What to work on ::
All of the data goes into your copy exactly as written. Images do not.

Source data ::
****************
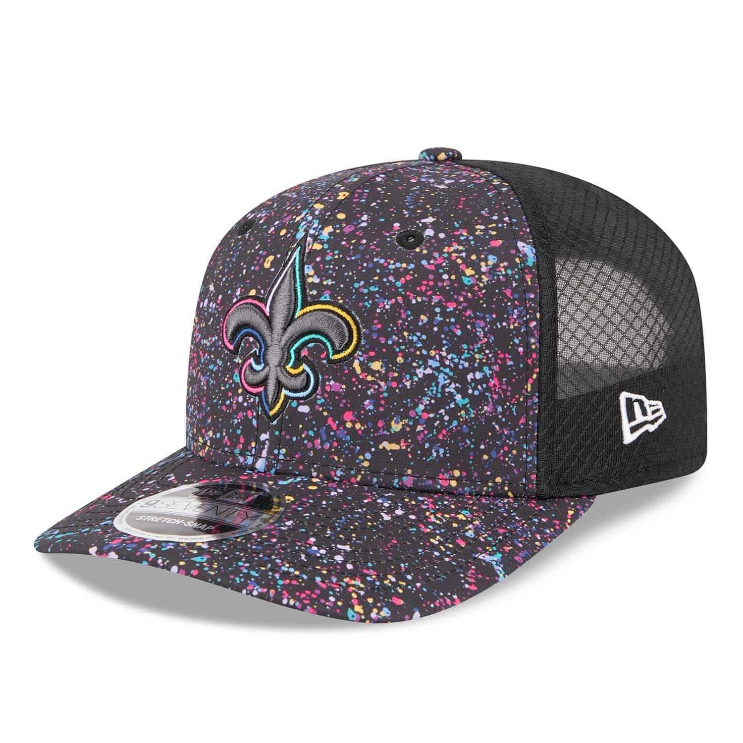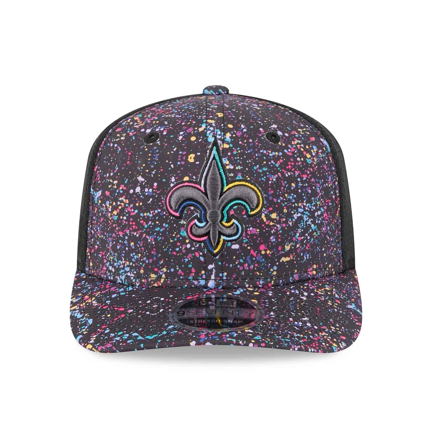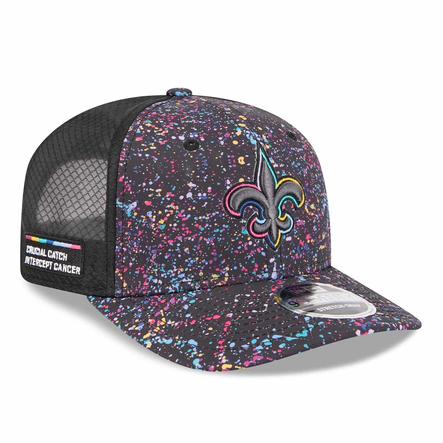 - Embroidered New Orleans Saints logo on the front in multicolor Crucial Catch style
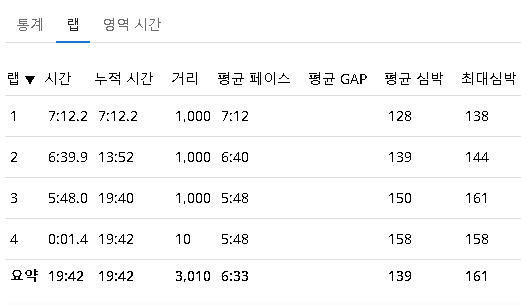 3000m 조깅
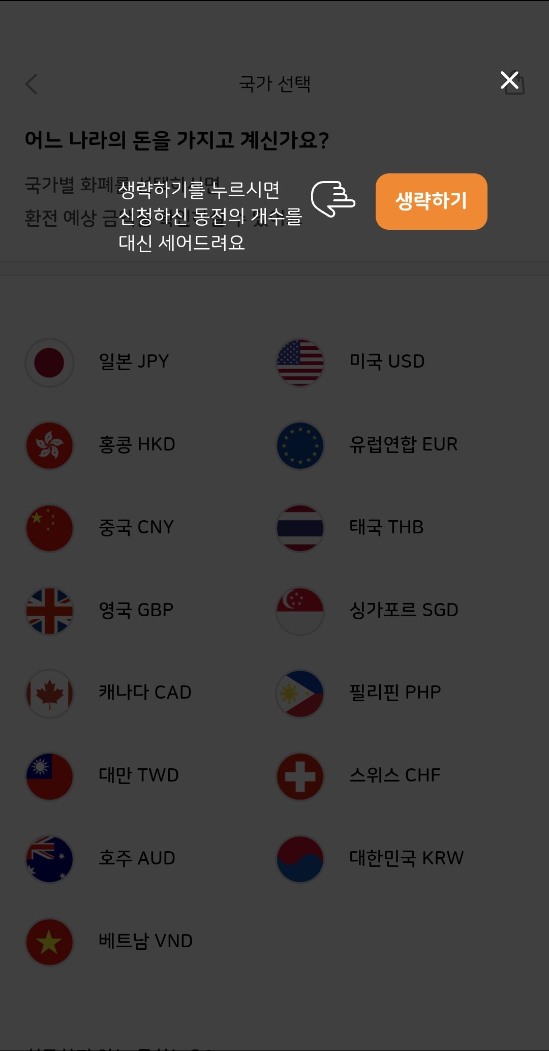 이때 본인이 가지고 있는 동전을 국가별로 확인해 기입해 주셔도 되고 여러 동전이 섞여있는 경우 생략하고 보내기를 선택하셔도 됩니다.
****************
Solution to the problem ::
 - Embroidered New Orleans Saints logo on the front in multicolor Crucial Catch style
 3000m 조깅
 이때 본인이 가지고 있는 동전을 국가별로 확인해 기입해 주셔도 되고 여러 동전이 섞여있는 경우 생략하고 보내기를 선택하셔도 됩니다.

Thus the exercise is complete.